# legal translation of certificates



## Andy_Shack (Sep 22, 2010)

Just got embroiled in the need for legalised translations for our marraige and divorce documents. Although the Tribunale have been their usual helpfull selves, it still appears a mine-field to us.
Has anyone any tips or advice on obtaining legalised translations of UK documents.
Note: these already have the apostille certificates attached.
Thanks in advance


----------



## tokyonights7 (Jan 21, 2012)

Aren't you able to ask any native Italian you know to translate the documents? When I was asked to translate my school documents for work, I was told by the tribunale that I could have anyone translate them, as long as they swore to the accuracy of the translation. In the end, I translated them myself with the help of my fiancee'. We then brought the documents to the tribunale together where they had my fiancee' sign a form called the "Verbale di Asservazione" to go with each document. I imagine that the process is the same for other types of documents as well. 

Heather


----------



## Andy_Shack (Sep 22, 2010)

Hi Heather,
Thanks for replying.
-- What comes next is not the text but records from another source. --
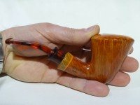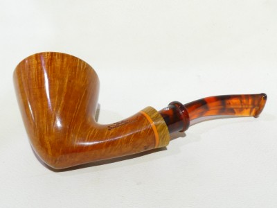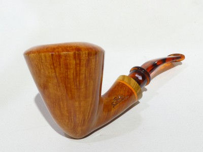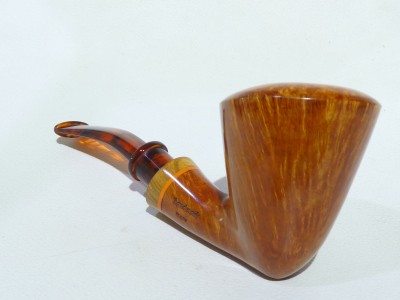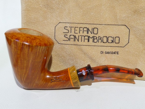 Pipa Santambrogio serie XX Major, modello half bent Dublin dalla finitura liscia fiammata e colore arancione chiaro. Bocchino in metacrilato simil ambra fancy.
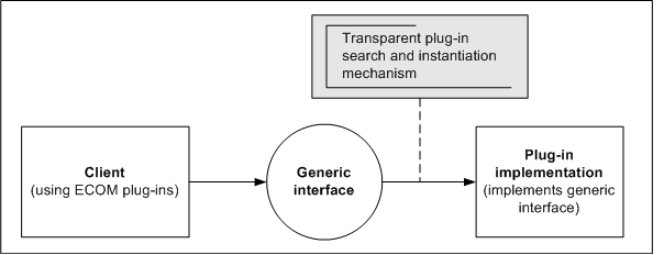 Plug-ins connect to the system using the EPOC Component Object Model (ECom). ECom is based on client/server architecture and provides services to instantiate, resolve, and destroy instances of plug-ins at run time. For more information, see the ECom Architecture .
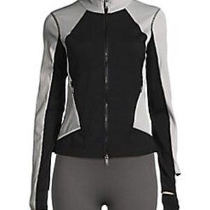 With a touch of retro inspiration, this vibrant color-block sport jacket features reflective rib-knit panels and thumb holes at the cuffs for a clean fit
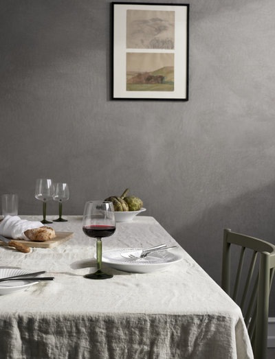 You immediately sense Kähler's heritage of proud, traditional craftsmanship when you hold the stem and drink from the new wine glasses in Kähler's Hammershøi series. The proportions are balanced and classic, and the design language of the wine glasses in interaction with the iconic grooves highlights the classic, yet contemporary expression of the series, which is eternally current on the table. The grooves almost rise up and carry the round bowl at the top. Notice also the details, where the stem tapers both at the top and bottom – a clear reference to the design tradition that is the hallmark of a Hammershøi vase. The glasses come in a package of two red wine and white wine glasses, in either a clear version or a version with a green stem and base, which adds yet another new dimension to both the iconic grooves and the table setting.
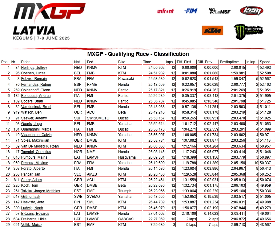 Сегодня на трассе в Кегумсе прошли квалификационные заезды11-го этапа Чемпионата мира по мотокроссу 2025 года - Гран-при Латвии.
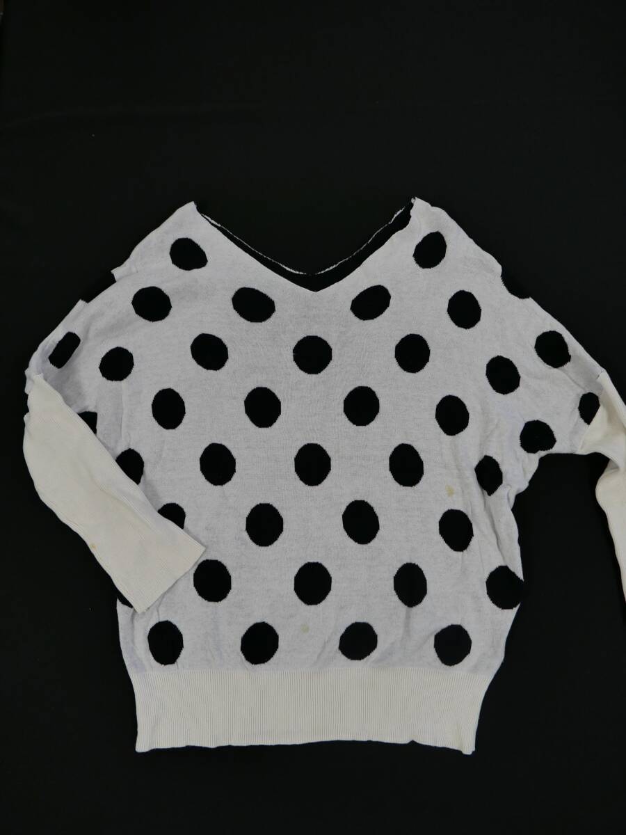 - antiqua アンティカ セーター ニット ドット 白黒 古着 USED レディーストップス F シンプル 普段使い
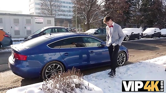 Slim Russian blonde fingered by clips dad force bystander on her drivers seat
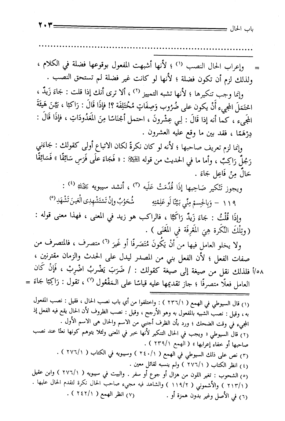 وإنما لزم تعريف صاحبها, لأنه لو كان نكرة لكان الاتباع أولى كقولك: جاءني رجل راكب, وأما في الحديث من قوله عليه السلام: «فجاء على فرس سائقًا» فسائقا حال من فاعل جاء.

Yes, in the end that was exactly what we did.
I translated the documents via Google translate and Babel Fish (Babel F in the end proved more accurate) and then had an Italian friend check over the translations, making corrections where appropriate.
Then we both went to the Tribunale and she signed a form declaring the translations to be accurate.

Still owe her a good meal in return for giving up her time and holiday to do it, but that will still be cheaper than employing a service.


----------